● **Problem**: What you return should be the full listing, word for word, without a single image.
(Data to use begins)
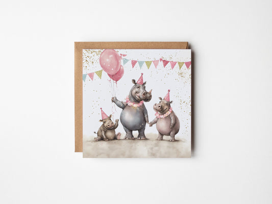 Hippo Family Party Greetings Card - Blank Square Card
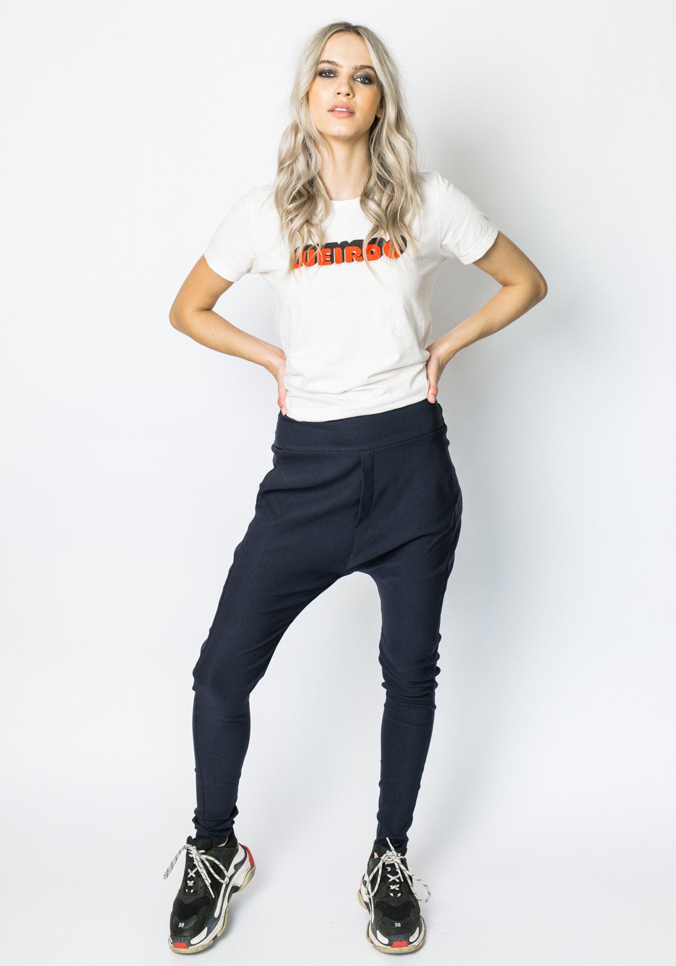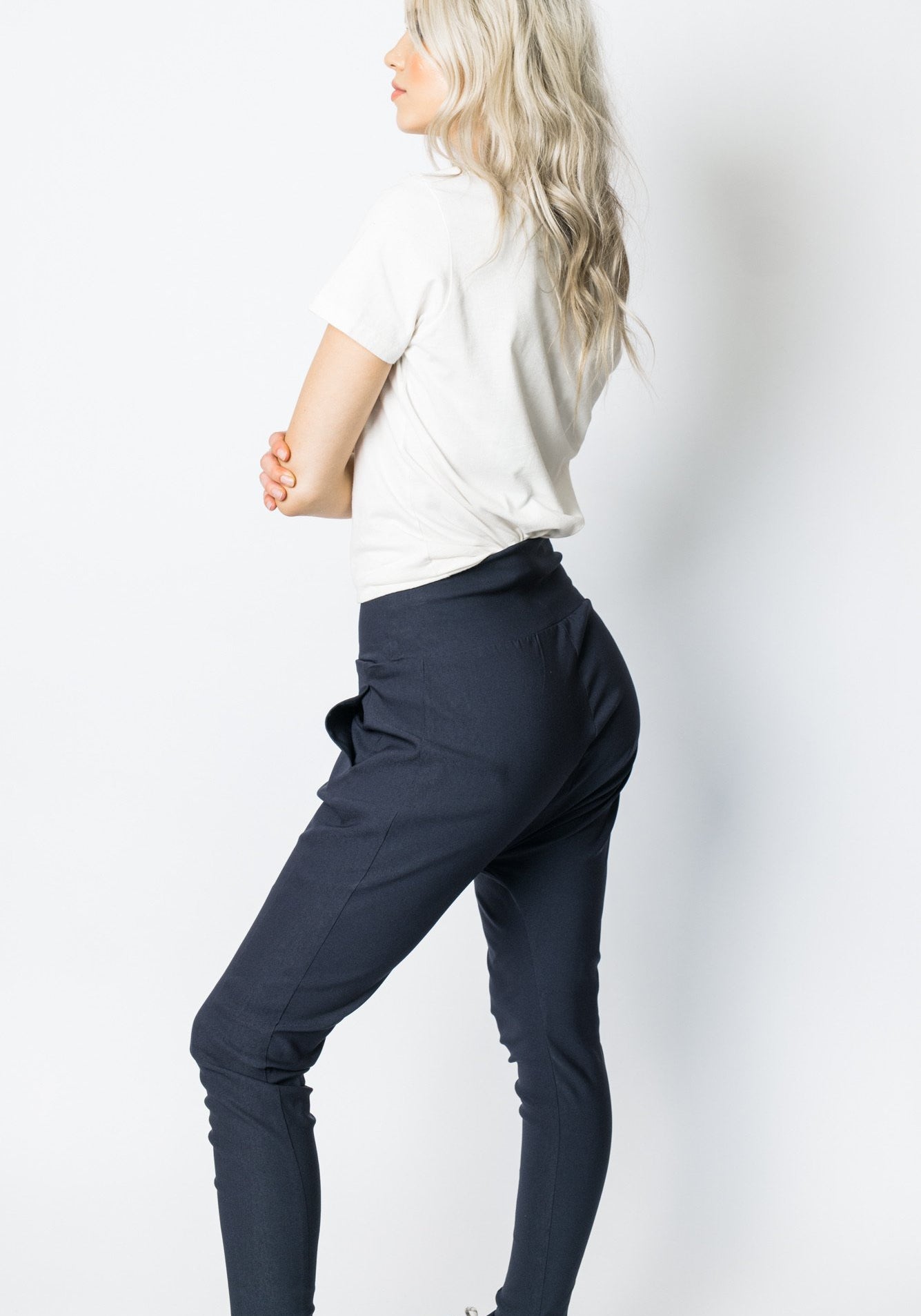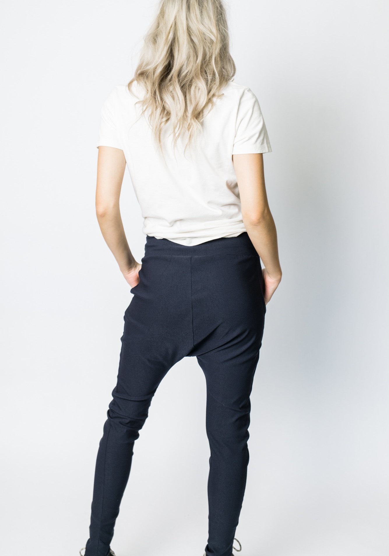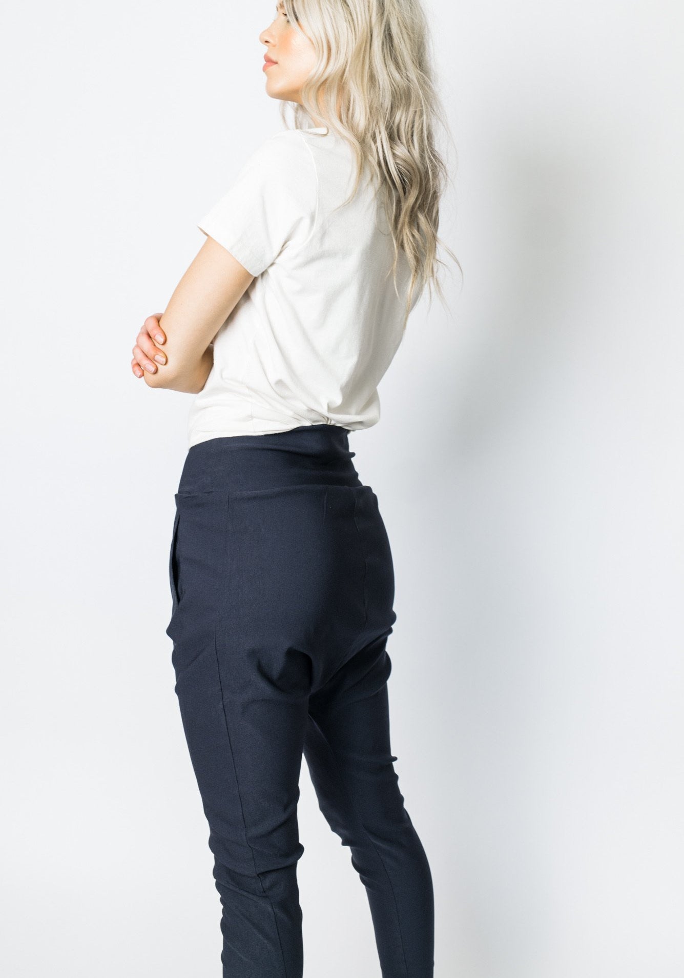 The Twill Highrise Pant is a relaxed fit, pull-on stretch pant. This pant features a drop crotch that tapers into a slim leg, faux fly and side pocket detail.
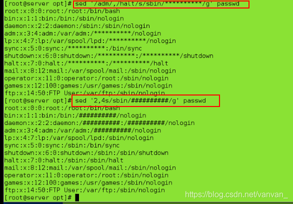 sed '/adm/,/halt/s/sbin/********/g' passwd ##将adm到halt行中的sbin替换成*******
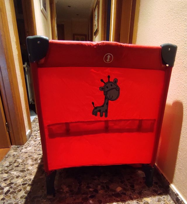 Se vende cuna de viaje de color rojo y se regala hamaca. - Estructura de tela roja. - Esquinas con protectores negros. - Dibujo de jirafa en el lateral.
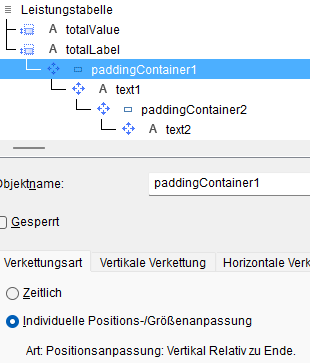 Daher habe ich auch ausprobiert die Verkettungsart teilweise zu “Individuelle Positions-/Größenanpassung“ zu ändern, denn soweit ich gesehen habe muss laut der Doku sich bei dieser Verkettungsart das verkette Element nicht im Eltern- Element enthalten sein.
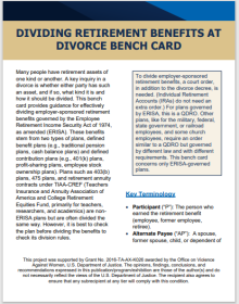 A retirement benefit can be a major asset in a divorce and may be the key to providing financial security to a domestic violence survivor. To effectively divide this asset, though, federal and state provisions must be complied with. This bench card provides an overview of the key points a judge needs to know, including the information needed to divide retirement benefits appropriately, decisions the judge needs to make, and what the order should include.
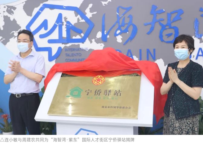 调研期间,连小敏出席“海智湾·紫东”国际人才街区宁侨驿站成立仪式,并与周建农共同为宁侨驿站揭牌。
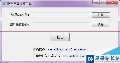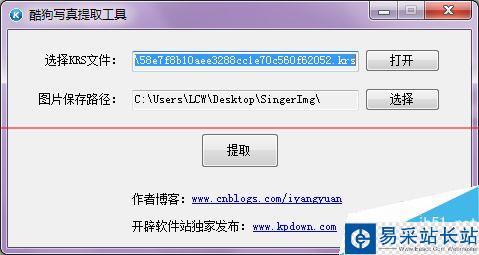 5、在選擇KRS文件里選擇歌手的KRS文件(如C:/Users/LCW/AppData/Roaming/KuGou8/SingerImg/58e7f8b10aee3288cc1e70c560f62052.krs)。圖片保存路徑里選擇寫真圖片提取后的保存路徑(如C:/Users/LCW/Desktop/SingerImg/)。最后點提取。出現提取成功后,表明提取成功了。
(Data to use ends)
● **Problem solution**:
 Hippo Family Party Greetings Card - Blank Square Card
 The Twill Highrise Pant is a relaxed fit, pull-on stretch pant. This pant features a drop crotch that tapers into a slim leg, faux fly and side pocket detail.
 sed '/adm/,/halt/s/sbin/********/g' passwd ##将adm到halt行中的sbin替换成*******
 Se vende cuna de viaje de color rojo y se regala hamaca. - Estructura de tela roja. - Esquinas con protectores negros. - Dibujo de jirafa en el lateral.
 Daher habe ich auch ausprobiert die Verkettungsart teilweise zu “Individuelle Positions-/Größenanpassung“ zu ändern, denn soweit ich gesehen habe muss laut der Doku sich bei dieser Verkettungsart das verkette Element nicht im Eltern- Element enthalten sein.
 A retirement benefit can be a major asset in a divorce and may be the key to providing financial security to a domestic violence survivor. To effectively divide this asset, though, federal and state provisions must be complied with. This bench card provides an overview of the key points a judge needs to know, including the information needed to divide retirement benefits appropriately, decisions the judge needs to make, and what the order should include.
 调研期间,连小敏出席“海智湾·紫东”国际人才街区宁侨驿站成立仪式,并与周建农共同为宁侨驿站揭牌。
 5、在選擇KRS文件里選擇歌手的KRS文件(如C:/Users/LCW/AppData/Roaming/KuGou8/SingerImg/58e7f8b10aee3288cc1e70c560f62052.krs)。圖片保存路徑里選擇寫真圖片提取后的保存路徑(如C:/Users/LCW/Desktop/SingerImg/)。最后點提取。出現提取成功后,表明提取成功了。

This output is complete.